## Action item
The data should be written out in full, exactly as it stands, and the pictures dropped.

## Data provided

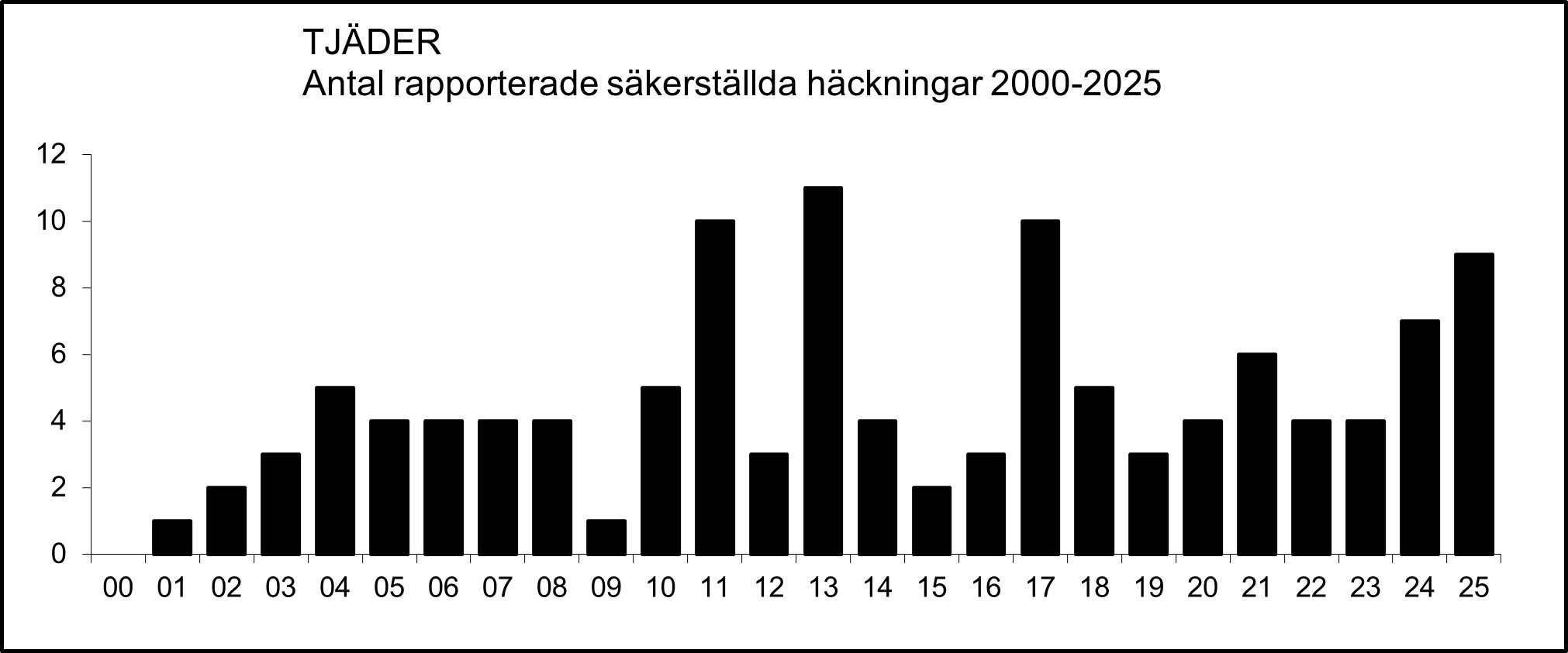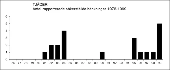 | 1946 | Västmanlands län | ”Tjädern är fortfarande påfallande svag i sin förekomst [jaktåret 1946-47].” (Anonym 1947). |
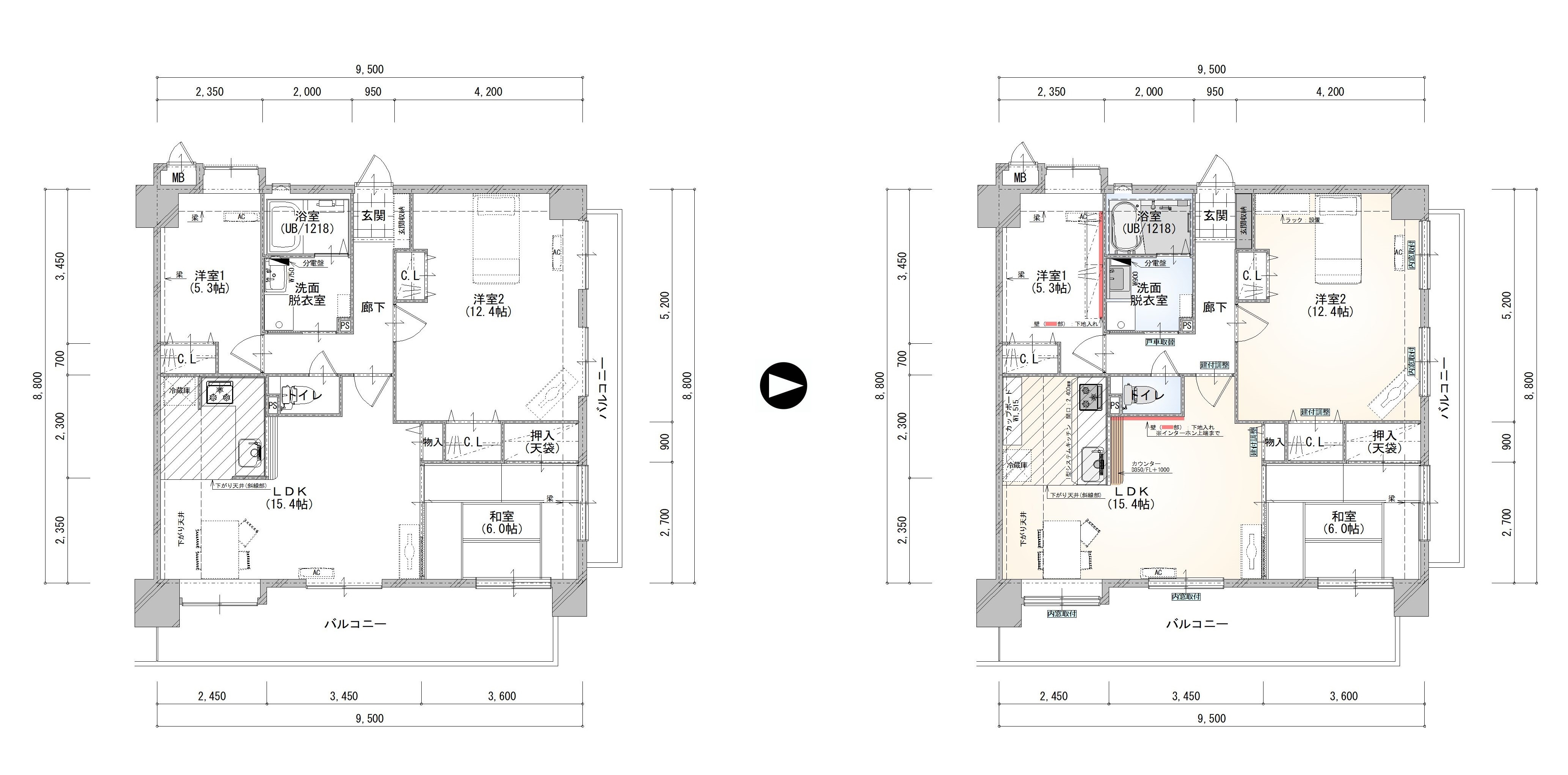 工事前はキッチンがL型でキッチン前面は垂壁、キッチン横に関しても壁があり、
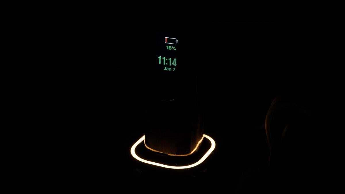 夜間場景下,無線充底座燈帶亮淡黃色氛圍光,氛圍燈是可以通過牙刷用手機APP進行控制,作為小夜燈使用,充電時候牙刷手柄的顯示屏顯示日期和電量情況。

## Written response
 | 1946 | Västmanlands län | ”Tjädern är fortfarande påfallande svag i sin förekomst [jaktåret 1946-47].” (Anonym 1947). |
 工事前はキッチンがL型でキッチン前面は垂壁、キッチン横に関しても壁があり、
 夜間場景下,無線充底座燈帶亮淡黃色氛圍光,氛圍燈是可以通過牙刷用手機APP進行控制,作為小夜燈使用,充電時候牙刷手柄的顯示屏顯示日期和電量情況。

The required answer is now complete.